> Data below
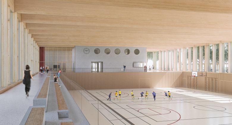 Die Sporthalle mit den Spielfeldern, Geräteraum und Zuschauergalerie kommt über dem Erdgeschoss zu liegen. Das konsequente Stapeln der Nutzungen reduziert den Fussabdruck und verleiht dem Gebäude eine repräsentative Erscheinung mit hohem Wiedererkennungswert. Für das Erdgeschoss wurde eine flexible Raumstruktur entwickelt, die die unterschiedlichen Bedürfnisse von Schulbetrieb, öffentlichen Anlässe und Sportbetrieb erfüllt. Die Materialisierung des Neubaus beschränkt sich auf warmtonigen Beton, Glas und Holz. Der präzise Einsatz der Materialien unterstreicht die einfache, klare Geometrie des Baukörpers. Diese Geste akzentuiert die Zugänge, begünstigt die Orientierung der Besucher und verortet den Neubau konsequent in seiner Umgebung.
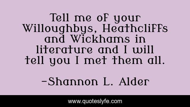 "Shannon L. Alder Quotes." Quoteslyfe.com, 2025. Sat. 06 Dec. 2025. <https://www.quoteslyfe.com/quote/Tell-me-of-your-Willoughbys-Heathcliffs-and-111882>.
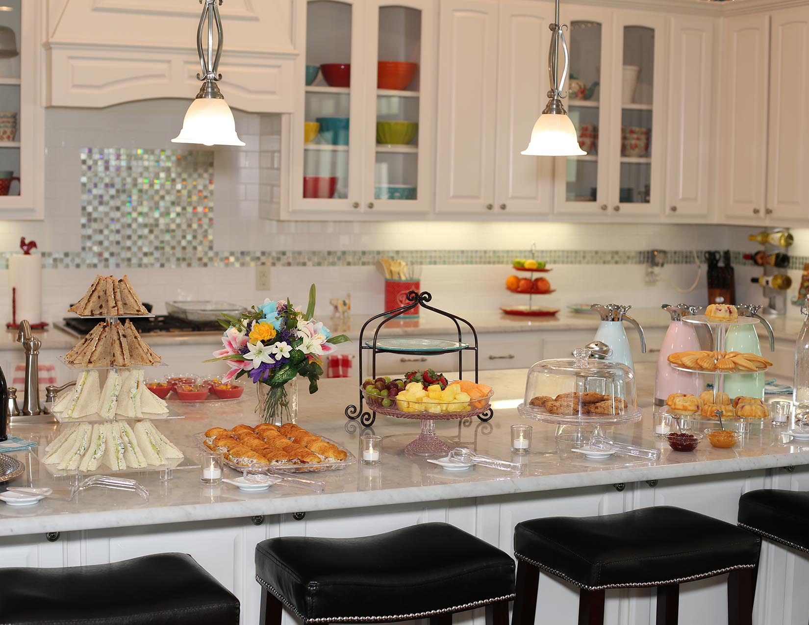 The traveling tearoom that comes to you! You choose the location and guests. I provide everything else – the tea, food, linens, teacups, tableware, silverware, even the soothing music if you like. I will set your table, cater and serve the delicious food, brew and serve the tea, and stay afterwards to do the dishes so you can focus on your guests. I can also host your indoor or outdoor event at my home for a complete pampered experience for you and your guests! Our afternoon tea menu includes delicious finger sandwiches, sweet and savory bites, homemade scones, fresh fruit, fresh-baked pastries, and scrumptious cakes. Food and tea are served using vintage dishes, china, cake stands, towers, and pretty teapots. The Traveling Teapot is available for any occasion – parties, showers, birthdays for little girls, birthdays for girls who are young at heart, get-togethers, hen parties, bridge clubs, gentlemen lunches, business meetings, just because it is a Tuesday, and more!

> About this task
An exact copy of the lines above, from the first through the line that holds "Quoteslyfe.com, 2025. Sat.", is what is needed; leave the pictures out.

> Finished task
 Die Sporthalle mit den Spielfeldern, Geräteraum und Zuschauergalerie kommt über dem Erdgeschoss zu liegen. Das konsequente Stapeln der Nutzungen reduziert den Fussabdruck und verleiht dem Gebäude eine repräsentative Erscheinung mit hohem Wiedererkennungswert. Für das Erdgeschoss wurde eine flexible Raumstruktur entwickelt, die die unterschiedlichen Bedürfnisse von Schulbetrieb, öffentlichen Anlässe und Sportbetrieb erfüllt. Die Materialisierung des Neubaus beschränkt sich auf warmtonigen Beton, Glas und Holz. Der präzise Einsatz der Materialien unterstreicht die einfache, klare Geometrie des Baukörpers. Diese Geste akzentuiert die Zugänge, begünstigt die Orientierung der Besucher und verortet den Neubau konsequent in seiner Umgebung.
 "Shannon L. Alder Quotes." Quoteslyfe.com, 2025. Sat. 06 Dec. 2025. <https://www.quoteslyfe.com/quote/Tell-me-of-your-Willoughbys-Heathcliffs-and-111882>.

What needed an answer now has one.